The laminated carbon fiber reinforced plastic (CFRP) [1] have been used in the fields of aerospace, automobiles, and railways, owing to their light weight, high specific strength, and good mechanical properties. However, their applications are still limited, due to their complex damage behaviors [2], such as interfacial debonding, matrix crack and fiber breaking. Their failure behaviors gain more and more attention of researchers and engineers at both meter and micrometer scales. As one of the most common failure modes of the laminated CFRP, delamination is closely related to the interlaminar shear behavior [3], which can be evaluated by the microscale strain distribution. Besides, the conventional structural design applied to metallic structures cannot be used to CFRP structures, due to their quite complex damage behaviors showing complicated strain status. The measurement of microscale strain distribution is important; not only to understand their complex damage behavior, but also to establish a novel structural design for CFRP. Therefore, full-field strain measurement of the laminated CFRP is essential under mechanical loading at the microscale.

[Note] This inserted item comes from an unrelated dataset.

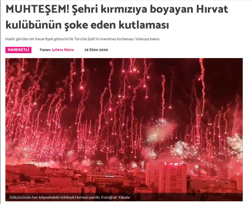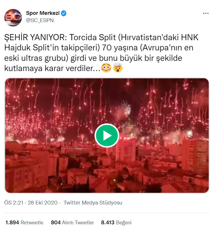 3 milyon takipçili Sports Center videoyu, “Şehir yanıyor: Torcida Split (Hırvatistan’daki HNK Hajduk Split’in taraftarları) 70 yaşına (Avrupa’nın en eski ultras grubu) girdi ve bunu büyük bir şekilde kutlamaya karar verdiler.” açıklaması ile paylaşmış.

Although numerical simulation can be used to analyze the microscale strain distributions of CFRP [4,5,6], experimental measurement is able to provide us with more authentic and credible deformation data. The microscale strain distribution of CFRP cannot be measured from conventionally employed strain gauges owing to the physical size of laminates. Extensometer has been used to measure the nominal strains, including shear strains of different angle-ply CFRP laminates [7], but it can only measure the global strain information instead of the strain distribution. Fortunately, the non-contact and full-field optical methods offer effective ways for measuring microscale strain distributions of CFRP. At present, the optical methods for strain measurement mainly include the Moiré methods, the grid method, the geometric phase analysis (GPA), the digital image correlation (DIC) method, and electronic speckle pattern interferometry (ESPI).

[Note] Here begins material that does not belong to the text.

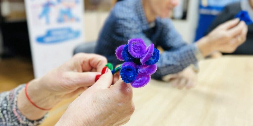 Цветы из синельной проволоки изготовили своими руками каширские долголеты на занятии по творчеству
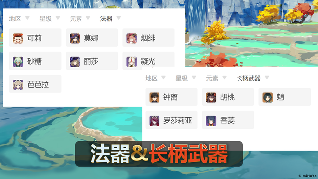 要说法器角色的特点就是在实战中能够打持续性的元素伤害,能够持续性的打出反应伤害,或者说普攻也能对敌人施加元素印记。当然,这类武器也有远程输出的性质,相对于弓箭来说操作相对简单。但是可莉除外,其他几位法师都有锁敌机制,使用起来还是比较顺手。

Regarding the studies on strain distributions of CFRP by the optical methods, the strain distributions measured by DIC have been reported for investigating the nonlinear shear deformation of [±45°]_2s CFRP [8] and the shear performance of [±45°]_4s CFRP [9]. These strain distributions refer to the deformation on the front surface of the laminate, rather than the deformation on the cross section of the laminate, which is also important for instability evaluation. The normal and shear strain distributions across the thickness on the cross sections of [0°/±45°/90°] CFRP laminates [10] have been investigated by DIC, and shear strain localizations have been observed at several interfaces in an uniaxial tension test. Nevertheless, DIC measurement is easily affected by noise as the deformation carrier is speckle. Shear strain measurement of laminated CFRP by ESPI [11] has also been reported; however, ESPI is very sensitive to vibration and difficult to measure large deformation. To the authors’ knowledge, there are few reports on the interlaminar shear strain measurement of [±45°] CFRP by the Moiré methods, the grid method and GPA, since a periodic pattern is necessary to be fabricated. However, with the development of grid fabrication techniques, it becomes easy to fabricate a grid on CFRP. The Moiré methods [12,13] have been widely used in the deformation measurement of composite materials [14], including CFRP [15,16,17,18]. Due to the advantages of deformation visualization, high noise resistance and large field of view, the Moiré methods are at the center of attention, and expected to be used to visualize the shear strain concentration of CFRP.

The Moiré methods can also be subdivided into the geometric Moiré method [12,19], Moiré interferometry [12,18,20], the digital Moiré [17,21] or overlapping Moiré method, the laser scanning Moiré method (also called as laser scanning confocal microscopy Moiré) [22,23], the electron scanning Moiré method (also called as electron beam Moiré or scanning electron microscope Moiré) [24,25], the atomic force microscope Moiré method [26], the sampling Moiré method [27,28], etc. Among the (previously mentioned) various Moiré methods, the sampling Moiré method adopts the spatial phase-shifting technique, and the other Moiré methods are usually combined with the temporal phase-shifting technique to analyze the Moiré phase for deformation measurement. Since the spatial phase-shifting technique does not need any expensive temporal phase-shifting device, such as a piezoelectric motor and is applicable to a single grid image, the sampling Moiré method has been chosen to measure the strain distributions of CFRP.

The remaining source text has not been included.